The Leafs still weren’t done. Auston Matthews picked Casey Cizikas’ pocket and threw the puck to Connor Brown in the corner. Connor Brown waited and politely returned the puck to Matthews, who fired it in off Greiss for his second of the night. 6-1. Hoo boy.

The only drama left in the game was whether Auston Matthews was going to get a hat trick. He didn’t do it, but he gave it a hell of a try, shooting falling down on a one-on-two rush. The Leafs, however, scored yet again subsequently. Matt Hunwick fired a point shot that may have been tipped by Matt Martin for the seventh (!) Leafs goal. (The goal, at time of writing, was still officially credited to Hunwick.) Good God.

That was finally the end of it. I like when the Leafs score seven goals. They should do this more.

Thoughts

  • Fun thing about the Leafs tonight is that they totally defied score effects. The first period was close to even, but as the Leafs gained the lead, they took charge in the second and then crushed the Isles flat in the third.
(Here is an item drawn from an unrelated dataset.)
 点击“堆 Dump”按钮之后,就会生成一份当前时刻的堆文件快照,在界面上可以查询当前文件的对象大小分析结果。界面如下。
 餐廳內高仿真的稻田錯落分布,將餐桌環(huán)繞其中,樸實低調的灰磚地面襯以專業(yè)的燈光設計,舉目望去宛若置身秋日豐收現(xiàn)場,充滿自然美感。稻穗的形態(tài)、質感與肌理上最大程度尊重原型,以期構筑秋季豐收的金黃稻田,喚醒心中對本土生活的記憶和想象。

  • Auston Matthews had a virtuoso performance. Two goals, a dominant possession game, and several great shifts, including a number he could have scored on but didn’t. His second goal (the Leafs’ sixth) is the best of the Auston Matthews experience: a pickpocket takeaway and a great finish at short range. Just incredible.
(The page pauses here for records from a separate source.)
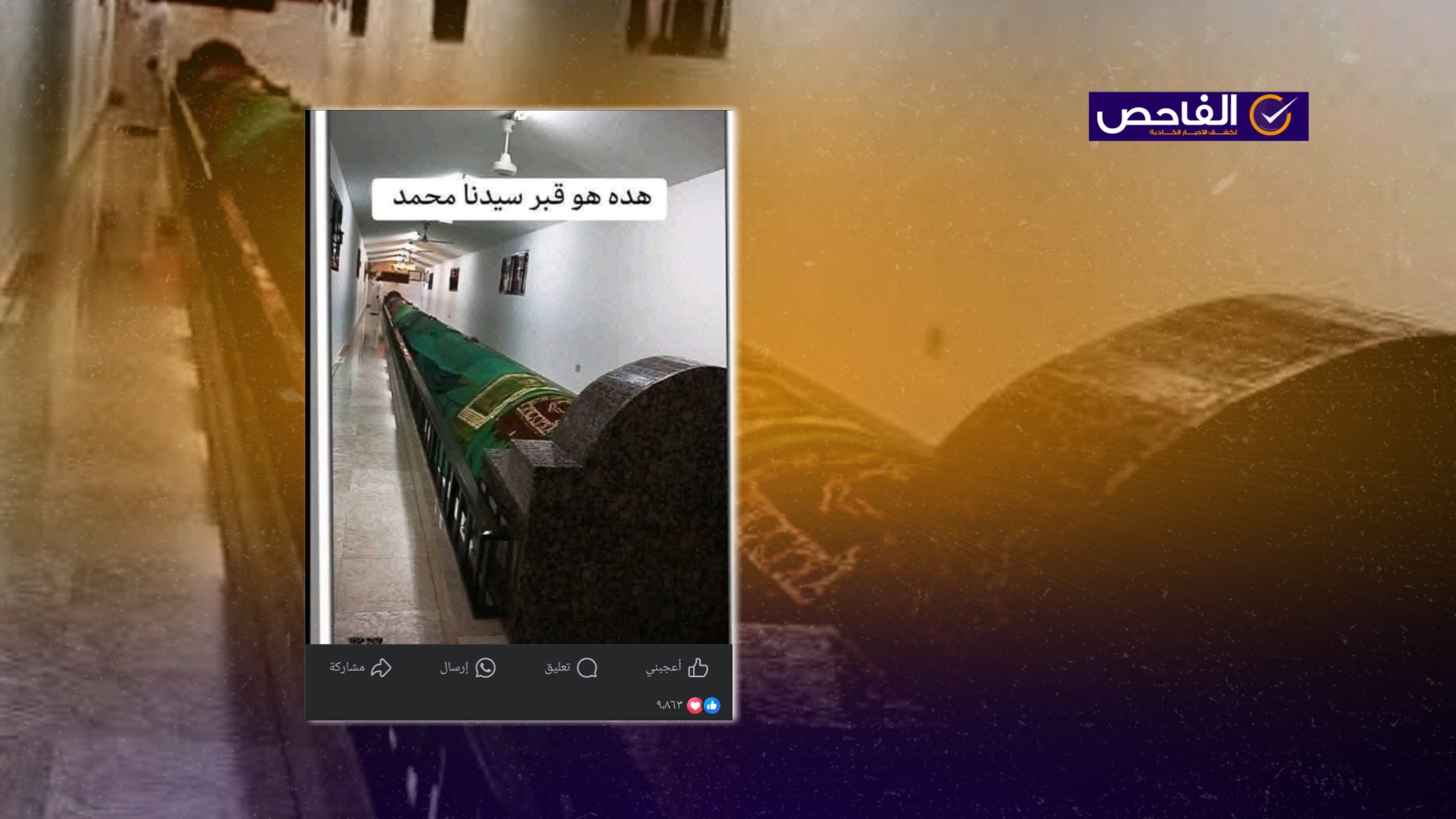 تداولت صفحاتٌ على مواقع التواصل الاجتماعي فيسبوك صورة بمزاعم أنَّها تظهر قبر رسول الله محمد، وحصد عشرات الآلاف من التفاعلات والتعليقات والمشاركات على فيسبوك.
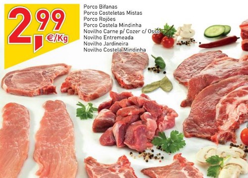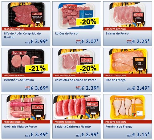 No entanto quem não pode comprar no talho e compra no supermercado aqui fica uma comparação dos preços atualmente em vigor.
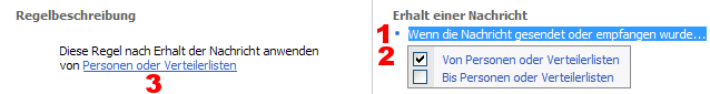 1: Wenn die Nachricht gesendet oder empfangen wurde, 2: Von Personen oder Verteilerlisten, 3: Personen oder Verteilerlisten
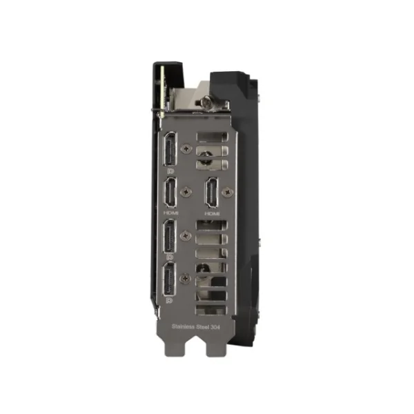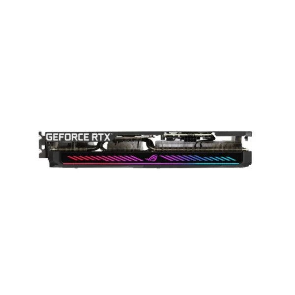 The front edge of the card features customizable RGB lighting compatible with Armoury Crate software for syncing effects across other ROG components. Powering the GPU is an 8-pin connector with a built-in voltage monitoring circuit that signals PSU instability through a red LED alert, ensuring safe and consistent power delivery during heavy gaming.
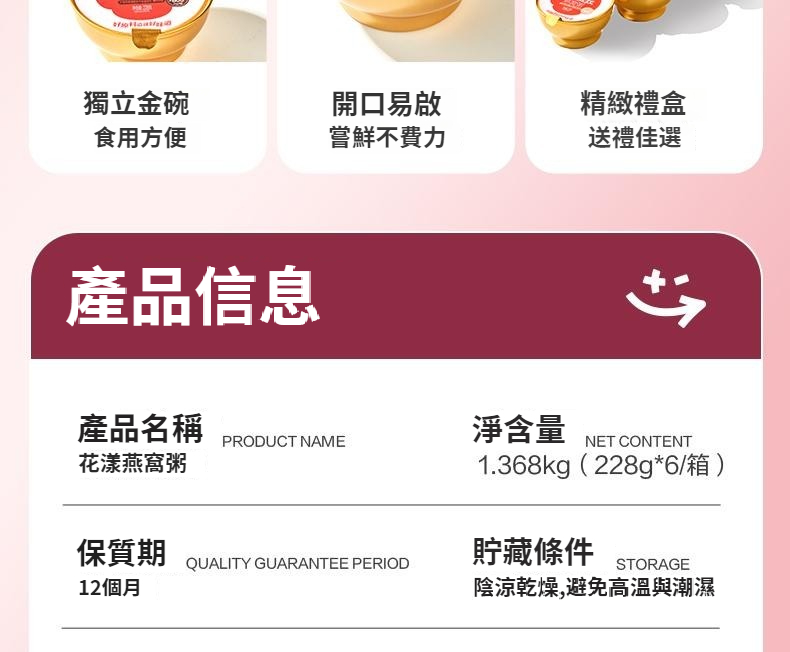 花漾燕窩粥6碗禮盒裝即食健康營養阿膠紫米石斛燕窩 NT$ 999

  • Nylander, Marner, and Kadri all also did their jobs very well. A less famous name: Josh Leivo, who had a great three-point night—not to mention a strong Corsi showing (albeit against weak forwards). It’s one game, but Leivo is starting to make it hard to send him back to the press box.
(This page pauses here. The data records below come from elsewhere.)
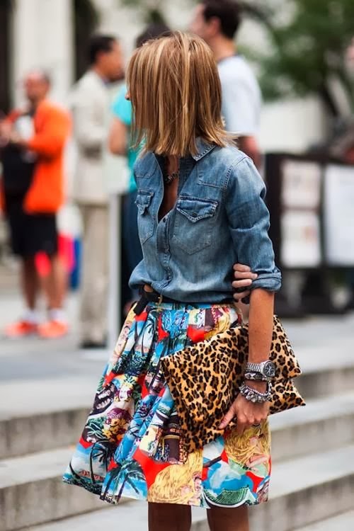 Feeling bold? Pair your denim shirt with a feathered skirt, and throw on a vintage-style sweatshirt.
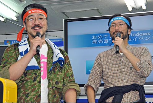 まず、インテルの「神様」こと天野信彦氏と、「改造バカ」ことライターの高橋敏也氏が、それぞれ青と赤のWindows 7ハチマキを巻いて登場。天野氏は「Vistaをすっ飛ばしてXPでずっと頑張っている人にも、Windows 7はオススメ。辛口のわたしが良いと言ってるのだから、信じて欲しい」と語り、会場の期待はいやが上にも高まる。
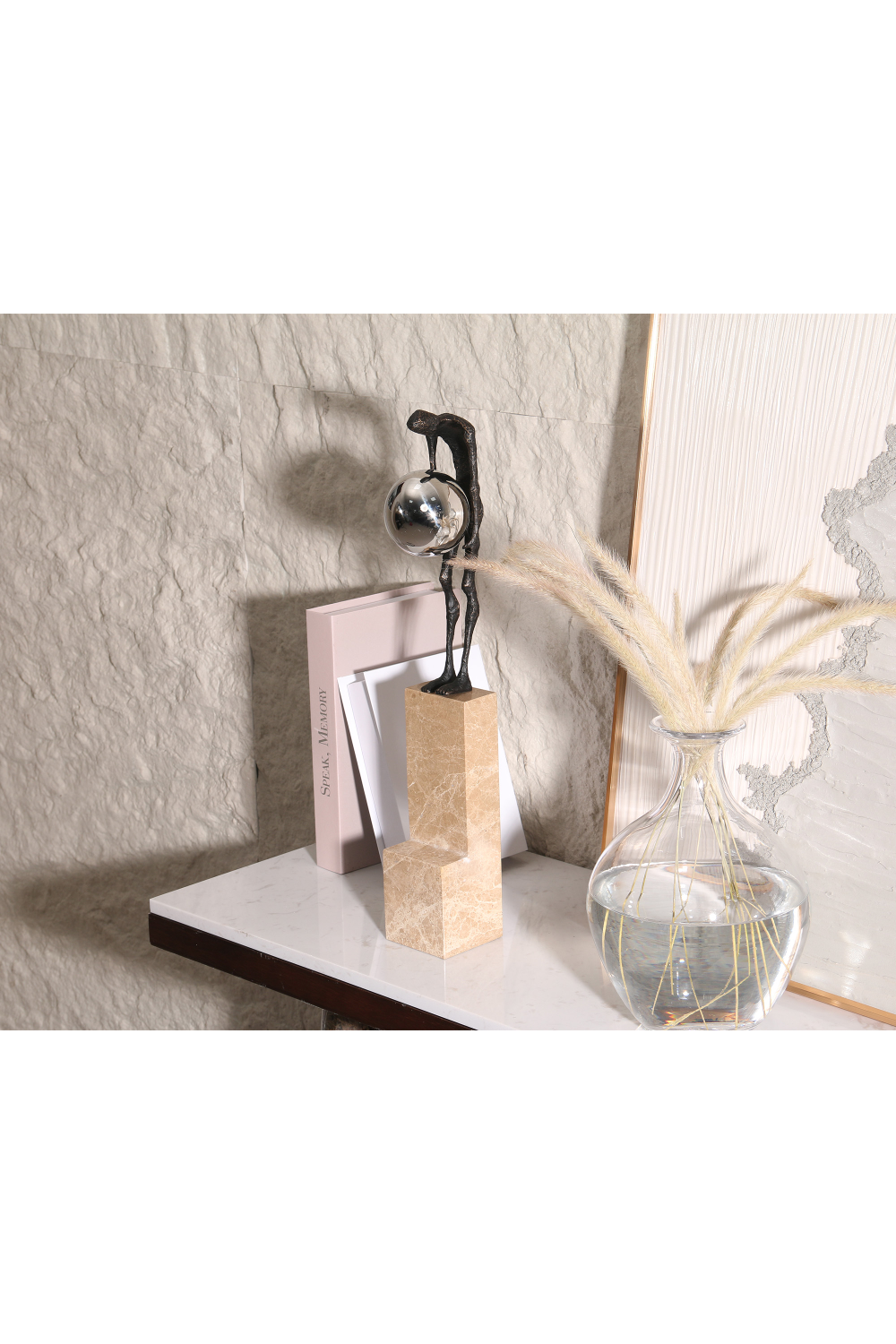 The Contemplation Sculpture, crafted from dark bronze and light brown marble, is a sophisticated piece that encourages reflection through its serene elegance. With flowing lines and balanced proportions, it exudes tranquility, making it perfect for both residential and hospitality settings. Add a touch of balance and peace to your space with this exquisite art piece.

  • Said it before: Leafs often go as Jake Gardiner goes. Gardiner was good tonight. Polak also managed to end up as the only Leaf defender underwater in possession, because he is Polak.
  • Andersen was brilliant in this one, especially in the second, when the game was still up for grabs. Had he been off his game, it’s not totally implausible the Leafs could have gotten derailed and lost this one. With him on it, they were able to shine.
  • Poor John Tavares did his best, leading his team in adjusted CF% and being in on most of their best chances. The broadcast mentioned several times that Tavares is a free agent in summer 2018. I am not getting caught up speculating on that after Stamkos flirted with us and then decided to stay in his marriage, but the Leafs made a nice advertisement for their rookies tonight.
  • A couple of fun numbers tonight: Nazem Kadri has now set his career high in goals (21 and counting), while Frederik Andersen has his 100th career NHL win. Nikita Zaitsev is now second in rookie defenceman scoring, behind only Columbus phenom Zach Werenski.
  • Big win. Though they’re all big games now, aren’t they? Leafs take on the aforementioned Werenski and his Columbus Blue Jackets tomorrow night.